Augmented reality art, which you can only see through special apps on your phone, is coming. And with it, questions about what’s real and what’s not.

Richard Nieva Former senior reporter
Richard Nieva was a senior reporter for CNET News, focusing on Google and Yahoo. He previously worked for PandoDaily and Fortune Magazine, and his writing has appeared in The New York Times, on CNNMoney.com and on CJR.org.
Richard Nieva
7 min read
James Martin/CNET

On Facebook 's industrial-looking campus in Menlo Park, California, a mundane white wall makes up the exterior of one of the buildings, not far from Mark Zuckerberg's desk. In April, the social network's founder and CEO insisted someone put a plaque on the wall to commemorate the space.

All over Facebook's offices worldwide, the walls are decorated by work from artists commissioned by the company to liven up the environs for its more than 20,000 workers. Plaques with the artists' names and short biographies sit beside their creations.

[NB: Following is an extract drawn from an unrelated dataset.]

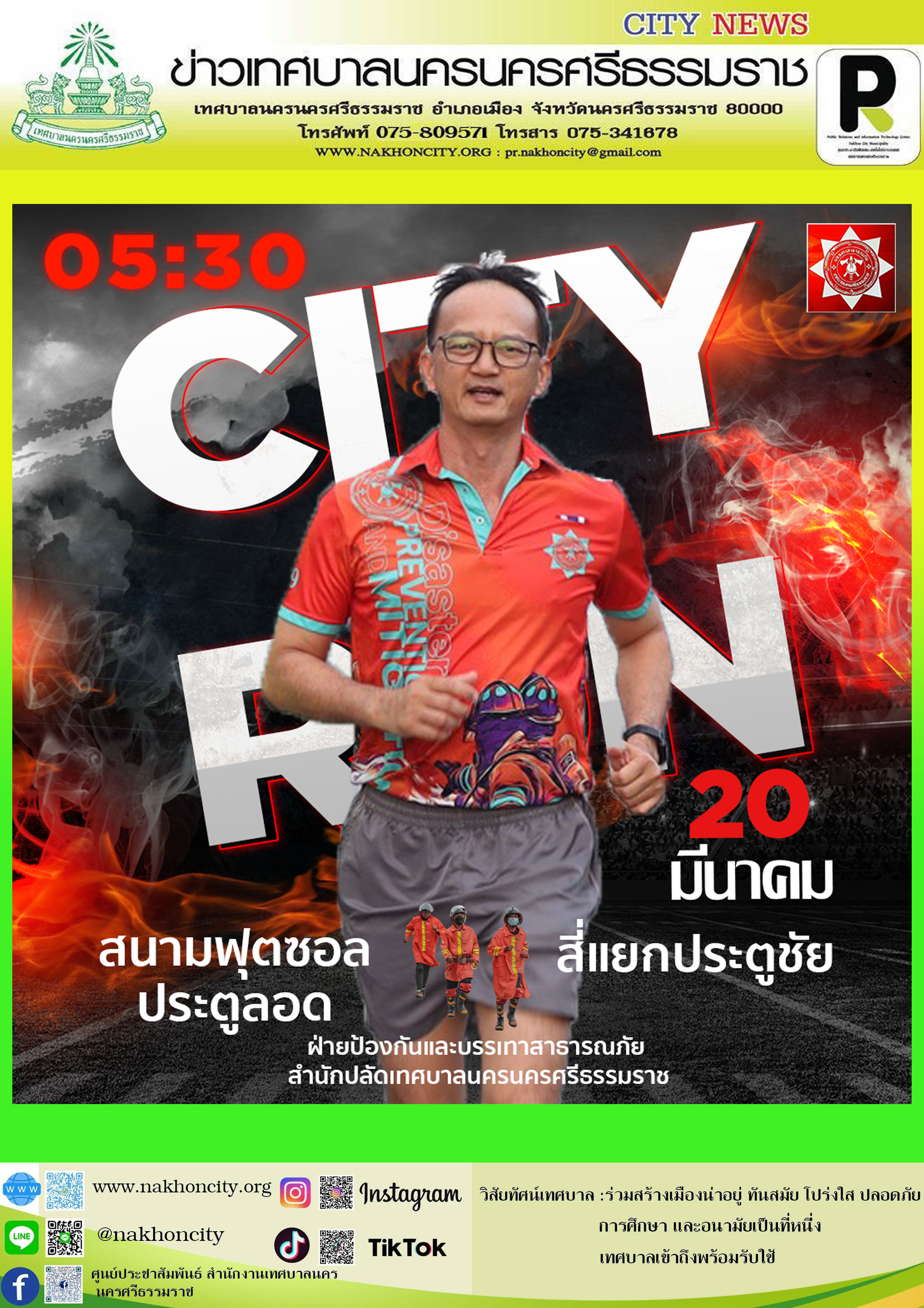 | เทศบาลนครนครศรีธรรมราช ขอเชิญประชาชนร่วมกิจกรรม วิ่ง “City Run” วันพุธ วันพุธที่ 20 มีนาคม พ.ศ.2567 เวลา 05.30 น. ณ จุดนัดพบ สนามฟุตซอลประตูลอด เทศบาลนครนครศรีธรรมราช ภายใต้การบริหารงานโดย ดร.กณพ เกตุชาติ นายกเทศมนตรีนครนครศรีธรรมราช เล็งเห็นถึงความสำคัญในการพัฒนาบุคลากร และส่งเสริมคุณภาพชีวิตประชาชนในด้านการส่งเสริมการออกกำลังกาย จึงจัดกิจกรรม วิ่ง “City Run” วันพุธ เวลา 05.30 น. เพื่อให้บุคลากร เจ้าหน้าที่ฝ่ายป้องกันและบรรเทาสาธารณภัย ได้สำรวจพื้นที่เพื่อเตรียมความพร้อมสำหรับการปฏิบัติงาน รวมถึงให้ประชาชนได้เข้าร่วมกิจกรรมการออกกำลังกายร่วมกับเจ้าหน้าที่ โดยในวันพุธที่ 20 มีนาคม พ.ศ.2567 กำหนดเส้นทางวิ่ง ดังนี้ เวลา 05.30 น. ณ จุดนัดพบ พร้อมกันที่พร้อมกันที่สนามฟุตซอลประตูลอด วิ่งไปทางสี่แยกศาลากลางเลี้ยวซ้ายเข้าถนนราชดำเนิน วิ่งบนถนนราชดำเนินไปเลี้ยวซ้ายที่สี่แยกประตูชัย ออกถนนศรีธรรมโศก เลี้ยวขวาเข้าซอยศรีธรรมโศก 1 เลี้ยวซ้ายวิ่งบนถนนพัฒนาการคูขวาง จนมาถึงสนามฟุตซอลประตูลอด จึงขอเชิญชวนประชาชนผู้สนใจร่วมวิ่งออกกำลังกาย “City Run” วันพุธ ร่วมกับคณะผู้บริหารและเจ้าหน้าที่เทศบาลนครนครศรีธรรมราช สอบถามรายละเอียดเพิ่มเติมได่ที่ ฝ่ายป้องกันและบรรเทาสาธารณภัย สำนักปลัดเทศบาล โทรศัพท์ 075-809571 ต่อ 9138 หรือ 075-348118 |

At Building 20, a huge Frank Gehry-designed office structure where all of Facebook's top brass works, the artwork includes a mural of polka dot flowers and a painting of the Rev. Martin Luther King Jr.

Then there's that big blank white wall.

To the naked eye, there's nothing there. But if you look at it through your phone's camera with a special app that Facebook created, a world of color suddenly appears. Streaks of blue and turquoise and white jut out in front of you, on the floor and zigzag up to the walls. A waterfall of virtual blue paint cascades down from the roof, dripping into a digital puddle on the floor.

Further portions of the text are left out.